=== INSTRUCTIONS TO FOLLOW ===
Your output must be the lines below from the line containing "This inviting sunroom" to the line containing "Personalize your wedding", both lines included, reproduced exactly and without pictures.

=== GIVEN RECORDS ===
· · · · ·

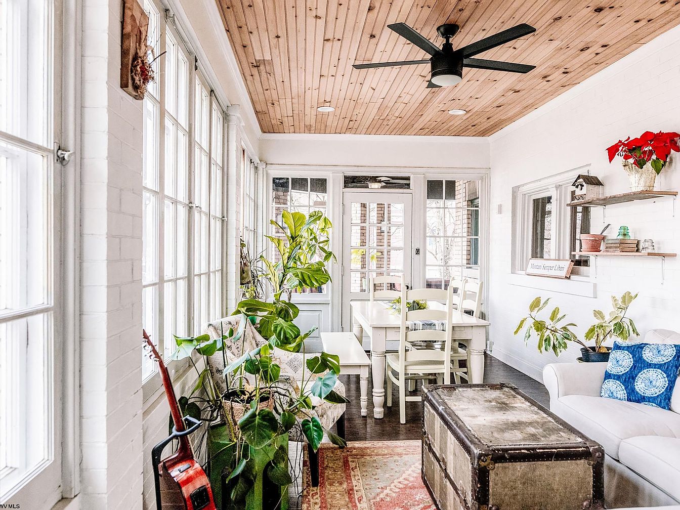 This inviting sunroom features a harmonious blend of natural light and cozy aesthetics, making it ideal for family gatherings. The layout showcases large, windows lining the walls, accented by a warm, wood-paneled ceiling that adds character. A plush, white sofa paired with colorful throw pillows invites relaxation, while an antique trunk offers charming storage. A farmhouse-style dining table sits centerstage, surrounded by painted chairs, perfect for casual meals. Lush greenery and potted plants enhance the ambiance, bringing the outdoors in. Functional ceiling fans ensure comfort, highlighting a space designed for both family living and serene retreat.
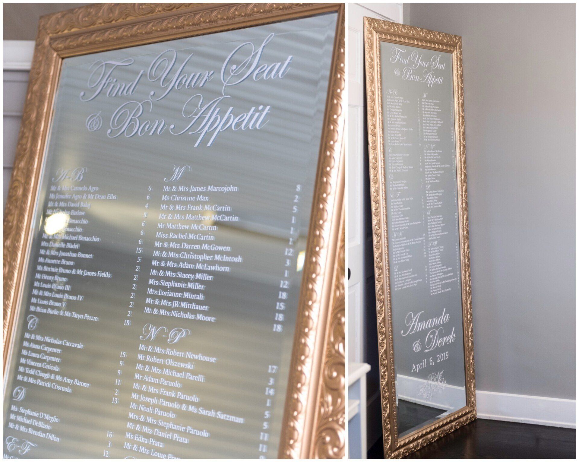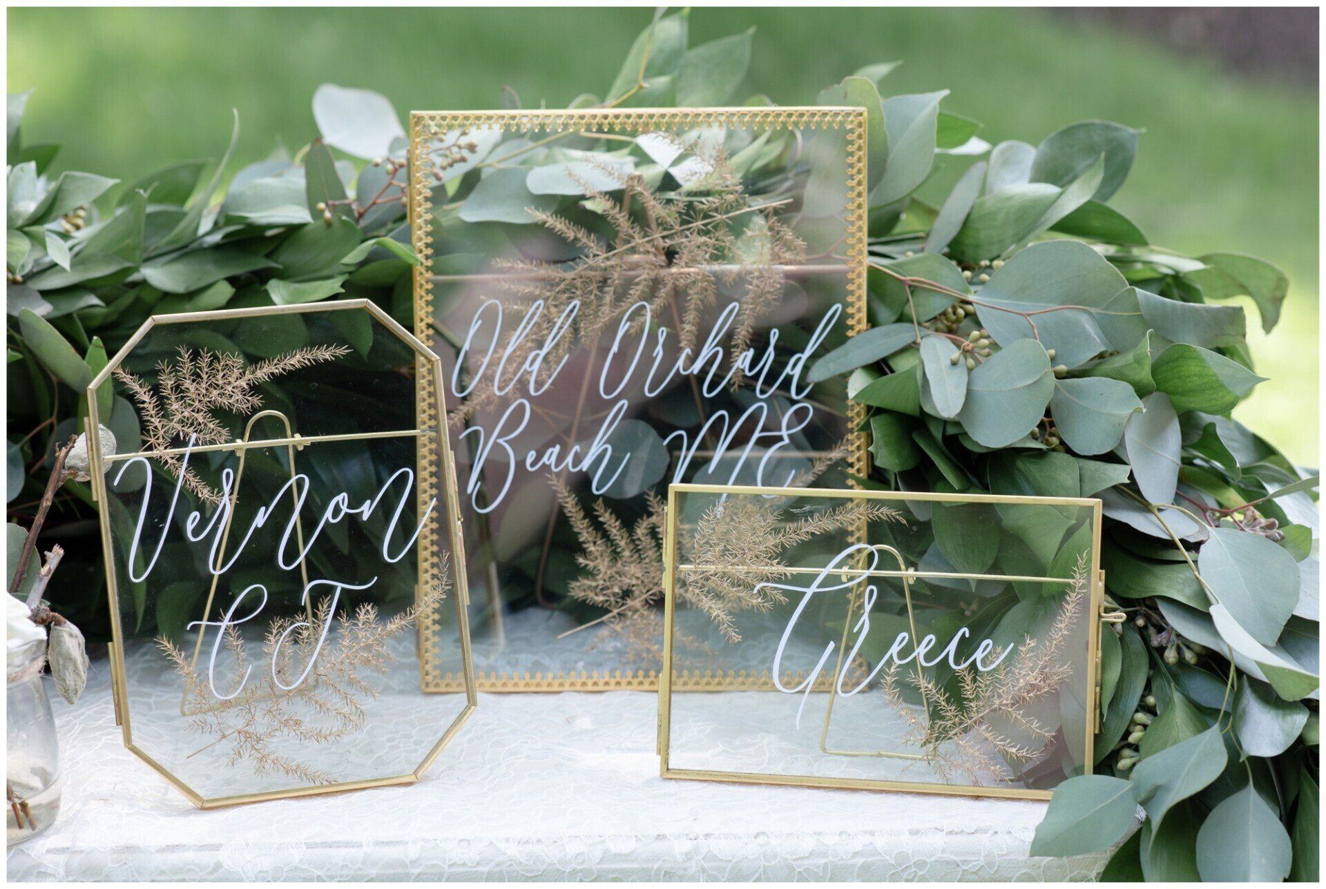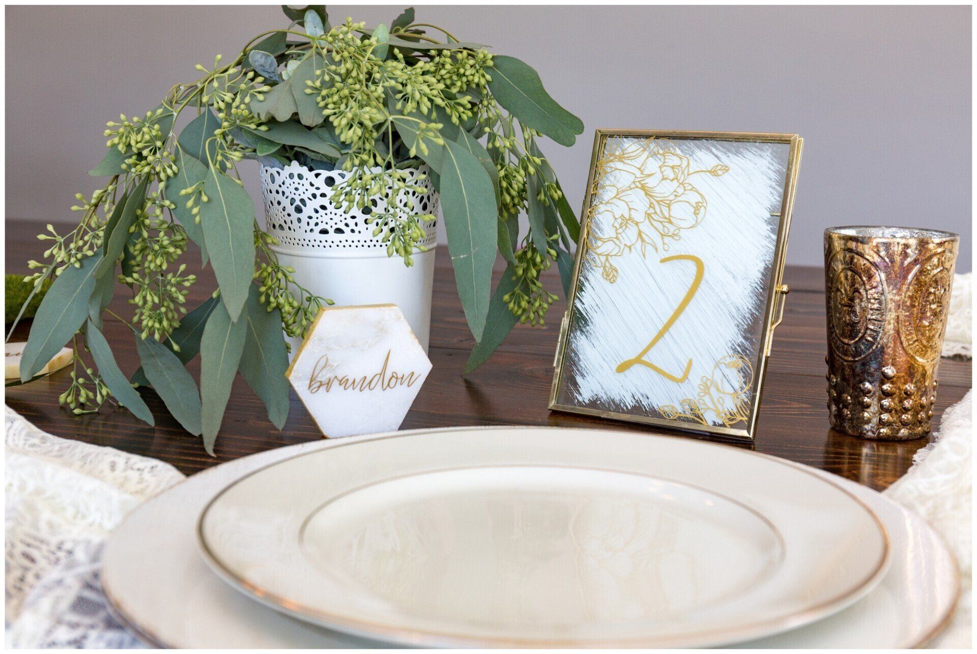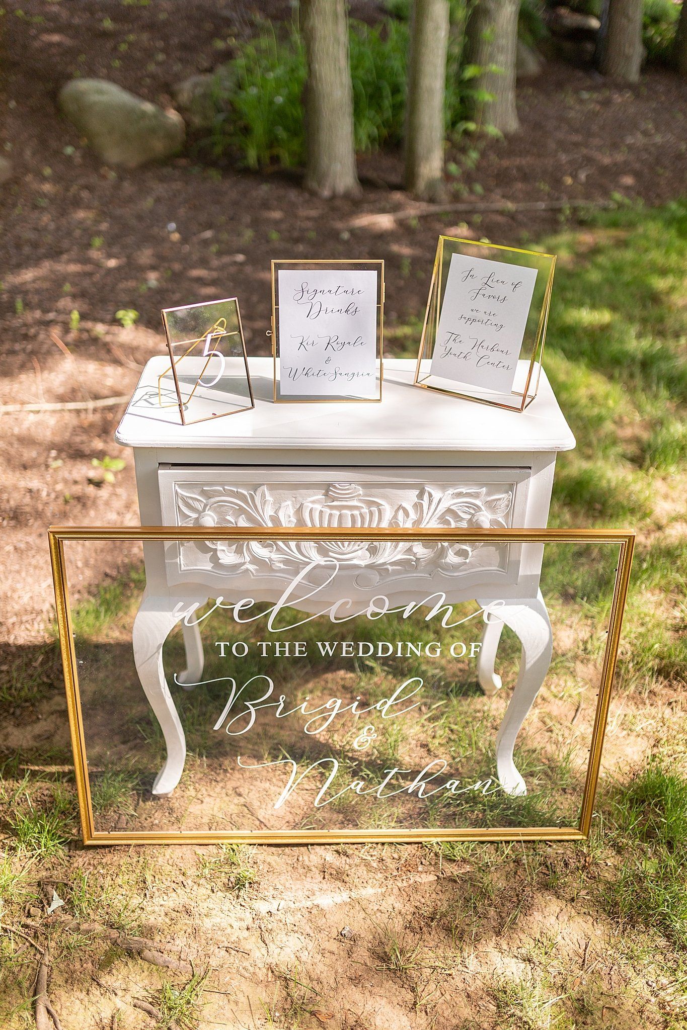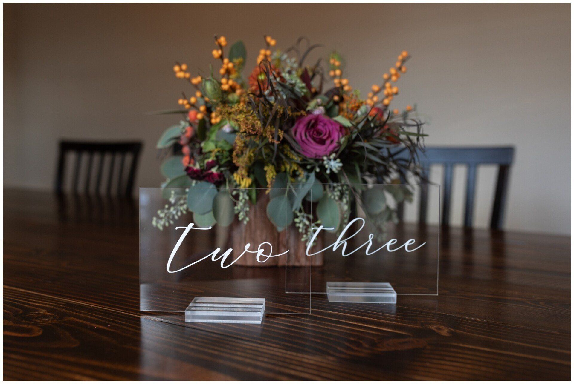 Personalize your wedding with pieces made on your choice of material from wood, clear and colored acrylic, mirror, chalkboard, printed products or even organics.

· · · · ·

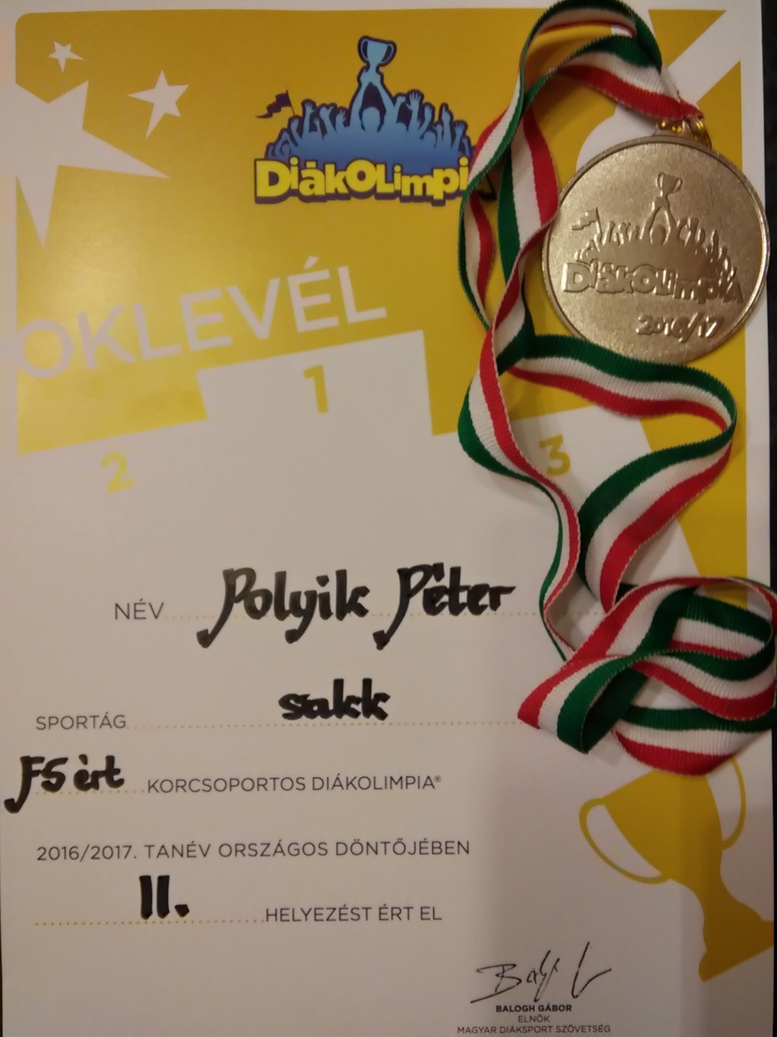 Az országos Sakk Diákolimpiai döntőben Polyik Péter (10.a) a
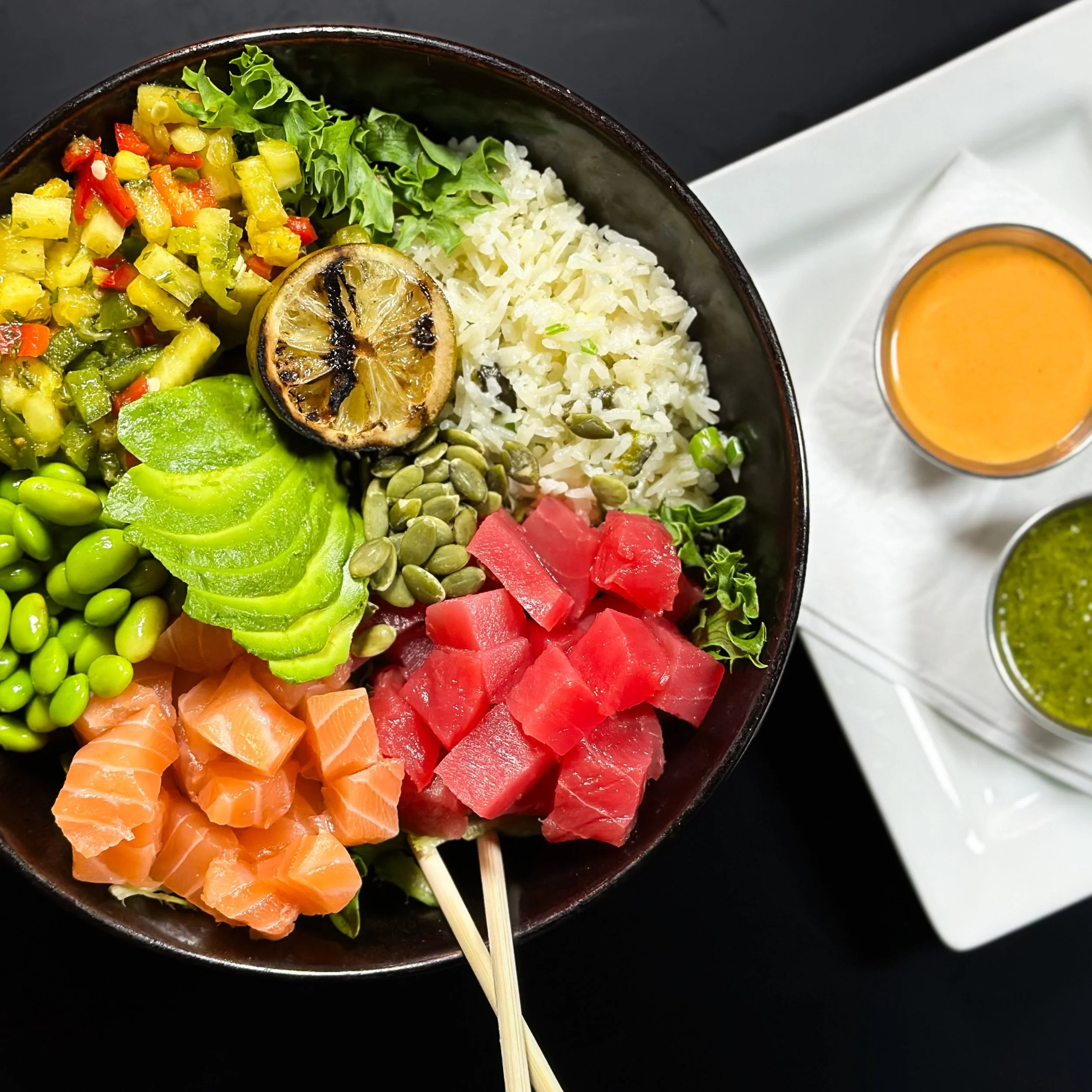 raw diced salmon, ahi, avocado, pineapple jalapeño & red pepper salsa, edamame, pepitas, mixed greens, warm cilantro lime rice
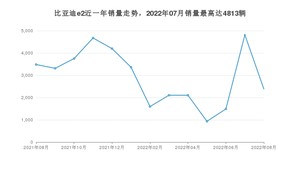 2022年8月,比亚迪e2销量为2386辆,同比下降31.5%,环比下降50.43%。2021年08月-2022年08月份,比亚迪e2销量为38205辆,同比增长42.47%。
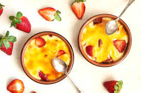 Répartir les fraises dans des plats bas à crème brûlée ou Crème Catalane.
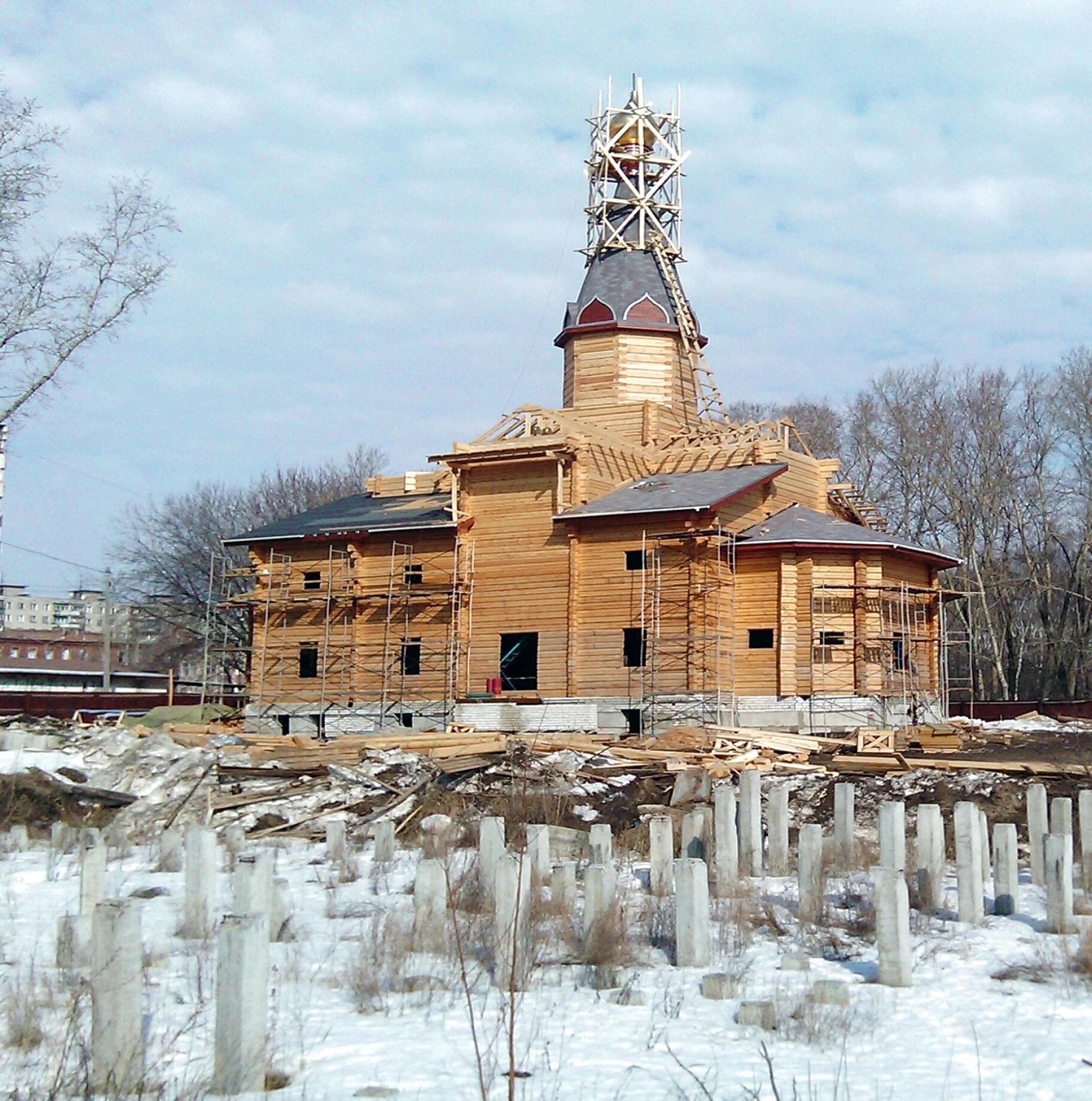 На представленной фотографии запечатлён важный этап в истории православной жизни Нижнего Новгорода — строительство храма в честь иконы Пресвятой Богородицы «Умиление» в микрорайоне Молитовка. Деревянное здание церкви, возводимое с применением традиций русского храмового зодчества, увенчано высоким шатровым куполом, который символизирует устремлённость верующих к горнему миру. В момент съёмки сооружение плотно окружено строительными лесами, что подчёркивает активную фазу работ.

· · · · ·

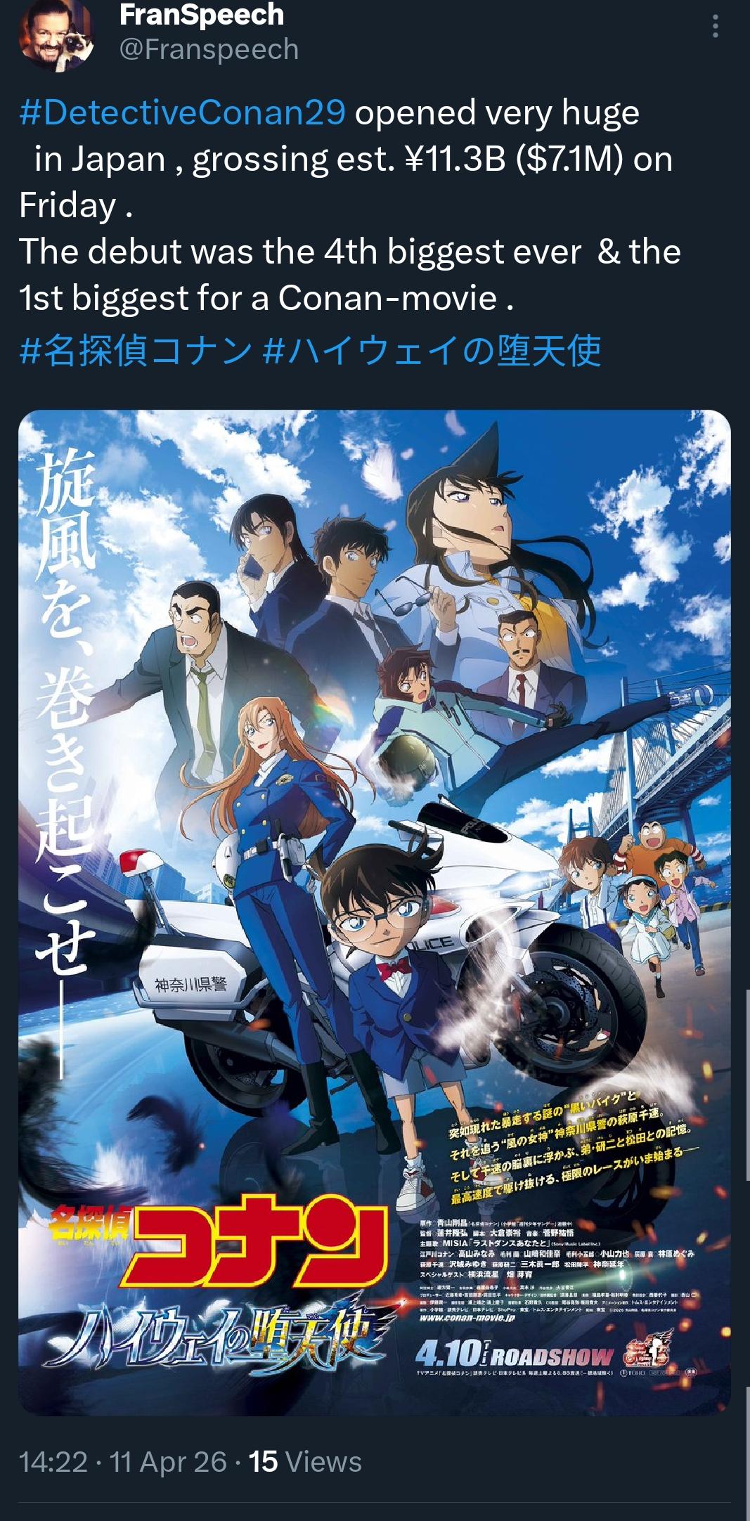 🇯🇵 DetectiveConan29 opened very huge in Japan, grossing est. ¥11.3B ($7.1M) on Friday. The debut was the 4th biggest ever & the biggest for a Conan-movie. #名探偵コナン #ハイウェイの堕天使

· · · · ·

=== ANSWER SPACE ===
 This inviting sunroom features a harmonious blend of natural light and cozy aesthetics, making it ideal for family gatherings. The layout showcases large, windows lining the walls, accented by a warm, wood-paneled ceiling that adds character. A plush, white sofa paired with colorful throw pillows invites relaxation, while an antique trunk offers charming storage. A farmhouse-style dining table sits centerstage, surrounded by painted chairs, perfect for casual meals. Lush greenery and potted plants enhance the ambiance, bringing the outdoors in. Functional ceiling fans ensure comfort, highlighting a space designed for both family living and serene retreat.
 Personalize your wedding with pieces made on your choice of material from wood, clear and colored acrylic, mirror, chalkboard, printed products or even organics.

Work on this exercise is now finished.